Ah, so that’s what’s got working America gasping for breath! It’s not that good-paying jobs in the manufacturing sector of the economy have pretty much evaporated; it’s not that a majority of the Americans who work now make less than $30,000 per year for their trouble; it’s not that service sector employers have created a wretched temp economy in which wage workers can’t plan and can’t enjoy a normal personal life because their work schedules are constantly shifting; it’s not that involuntary part-time work is at an all-time high; it’s not that the earning prospects for many jobs are so pitiful that unprecedented numbers of workers have simply stopped looking; it’s not that inflation-adjusted income for households headed by someone with only a high-school education have fallen by almost 20% since 2008; it’s not that low-income people are still often shut out of needed preventive health care services, even under Obamacare; and it’s not that people within America’s lumpenproletariat are constantly being harassed by predatory lenders and debt collectors.
No, it’s not those stressors. It’s morality.
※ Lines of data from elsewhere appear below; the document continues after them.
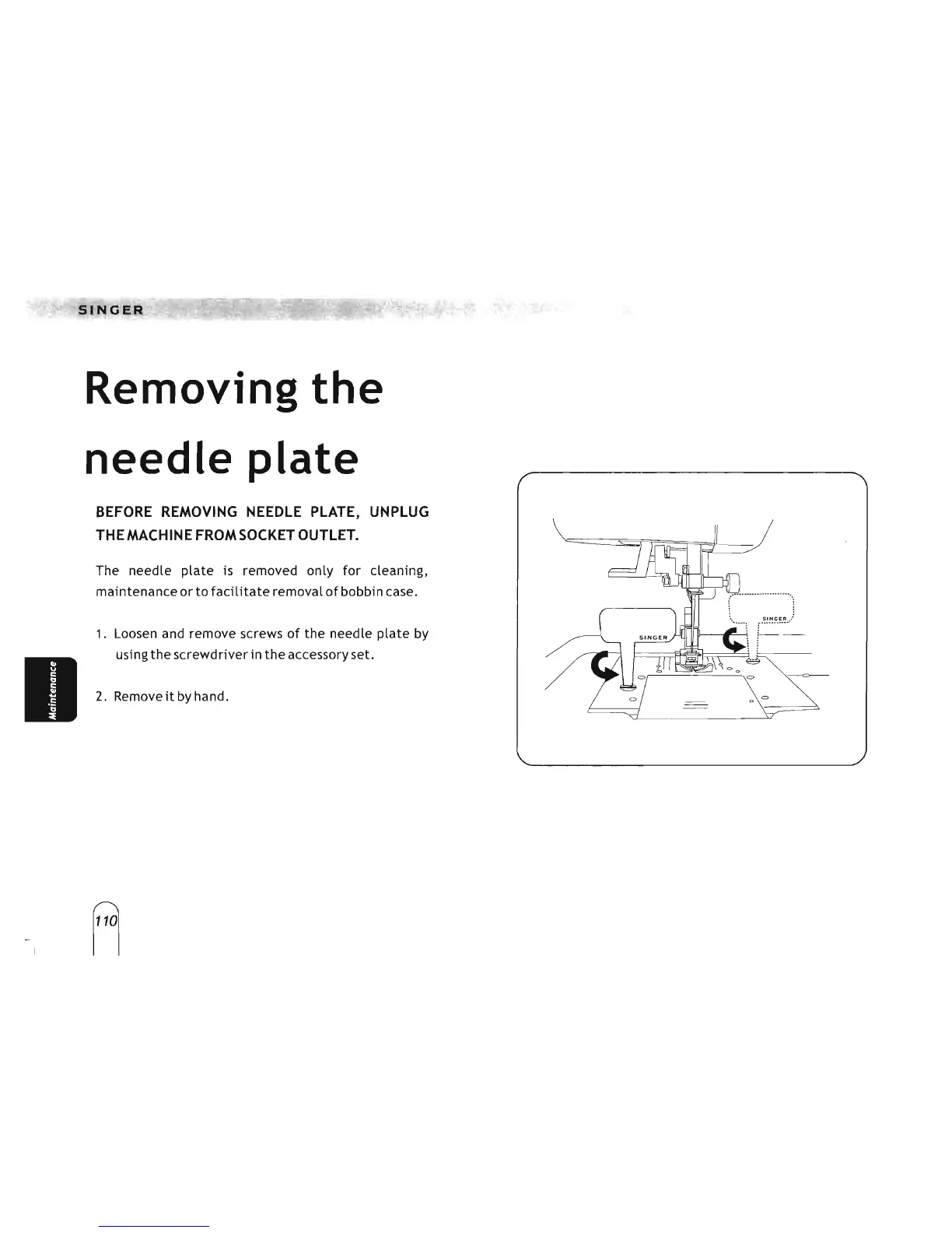 Singer 5160 - Maintenance; Removing the Needle Plate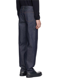 Tapered wide-leg stretch denim jeans. · High-rise · Belt loops · Five-pocket styling · Zip-fly · Logo engraved silver-tone hardware · Contrast stitching in tan Supplier color: Indigo 98% cotton, 2% polyurethane. Made in Viet Nam 242252M186016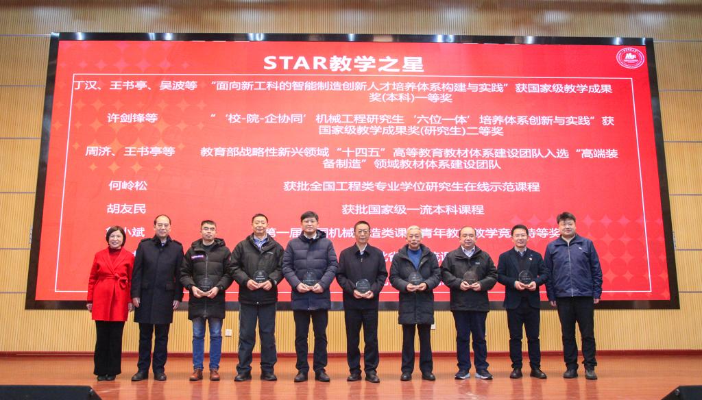 表彰周济院士、丁汉院士,以及王书亭、吴波、许剑锋、何岭松、胡友民、詹小斌、卢文龙、陈冰等教师为“STAR教学之星”。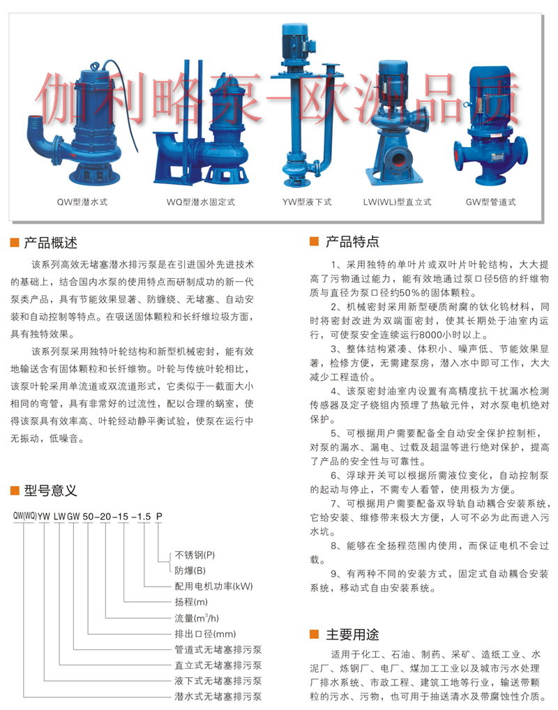 WQ系列無(wú)堵塞潛水排污泵適用用于工廠商業(yè)嚴(yán)重污染廢水的排放、主宅區(qū)的污水排污站、城市污水處理廠派水系統(tǒng)、人防系統(tǒng)排水站、自來(lái)水廠的給水設(shè)備、醫(yī)院、賓館的污水排放、市政工程建筑工地、礦山配套附機(jī)、農(nóng)村沼氣池、農(nóng)田灌溉等行業(yè),輸送帶顆粒的污水,污物,也可用于清水及帶弱腐蝕性介質(zhì)。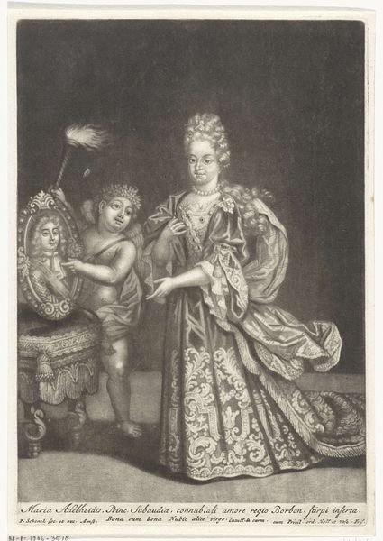 Editor: This engraving is entitled "Poesia", and it’s attributed to Jacob Gole. It seems to have been created sometime between 1670 and 1724. The material is engraving, which I can see from the fine lines. I'm really struck by how the artist manages to create depth and texture with just lines. What do you see in this piece, focusing on the artistic choices? Curator: The emphasis here lies in the structured composition and intricate detail. Note the calculated arrangement of forms—the figure, the table, the books—each element contributing to a balanced whole. Observe, too, how Gole manipulates light and shadow, not for mere realism, but to define form and accentuate the texture of the fabrics and surfaces. Consider the artist's technical prowess; how does the precise and deliberate nature of the engraving technique influence your interpretation of the work’s meaning? Editor: Well, the precision definitely gives it a sense of formality. It’s not a quick sketch; there's a deliberateness to every line, contributing to its academic art style, so it suggests a specific intent, maybe a certain reverence for poetry. I like how there are so many small details that combine together to create a really striking artwork. Curator: Exactly. We can appreciate how Gole’s expertise transforms a genre scene into a sophisticated artistic statement. How do you feel the materiality influences its perception today? Editor: I think knowing it's an engraving makes me appreciate it more. There’s something very appealing about the tactile nature of the lines and the skill involved in creating an image this detailed with just that medium. Curator: Indeed. It highlights the mastery inherent in traditional printmaking, drawing us back to contemplate the very essence of the artistic process and its enduring value.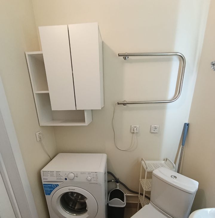 В ванной стены покрыты лаком - краска не облезет от воды. Стиралка с унитазом никак не мешают друг другу. Огромный шкаф - 320*220*50 с двумя штангами и множеством полок. Стол раскладной - можно сделать больше или совсем сложить. Вентилятор, большая бельевая сушилка. Остальное на фото.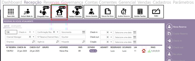Após dado o check-in, poderá visualizar esta reserva em In-house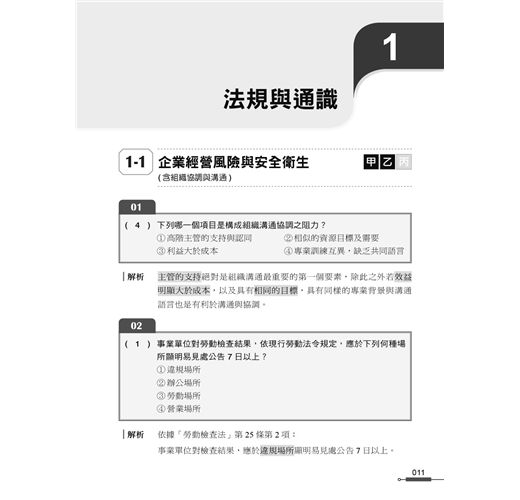 1.1 企業經營風險與安全衛生(含組織協調與溝通)

Reno allows that the “harsh economic realities of our globalized economy” may have something to do with the spectre of sickness and death stalking the majority America’s white people (yes, a majority of America’s whites have to do real work – and over a third of same earn less than $15/hour). But Reno still insists that at the heart of the “war on the weak” is a “a sustained and ongoing ideological assault on the basic norms for family and community.” White folks’ health is going from bad to worse because kids from working class backgrounds aren’t being given a “functional language to talk about what it means to be a man or woman.”
This line of argument might work for camp followers of the moralizing approach going back to Bill Bennett (a compulsive gambler, it turns out), Charles Murray, and Thomas Sowell. But Reno opens a huge hole in his argument by analogizing the 15-year spike in death rates for middle-aged U.S. whites to similar sharp spikes in mortality in post-World War II Europe and in post-1989 Russia. Quite obviously, the widespread failure-to-thrive in bombed-out postwar societies and again following the “free market” shock treatment administered to the Russians in the wake of the Soviet Union’s collapse was all about basic economic stress. It had nothing to do with men not knowing how to be men or women not knowing how to be women.
In view of the powerful and interrelated economic and psychic shocks experienced by America’s working people over the past 35 years, it’s simply preposterous to argue that the afflictions facing today’s white working-class Americans are of an essentially different nature from those suffered by post-war Europeans or by the vast majority of Russians in the years after 1989. Of course, hard-pressed Black people have been subjected to the moralizing treatment for a long, long time. Now, apparently, it’s white people’s turn.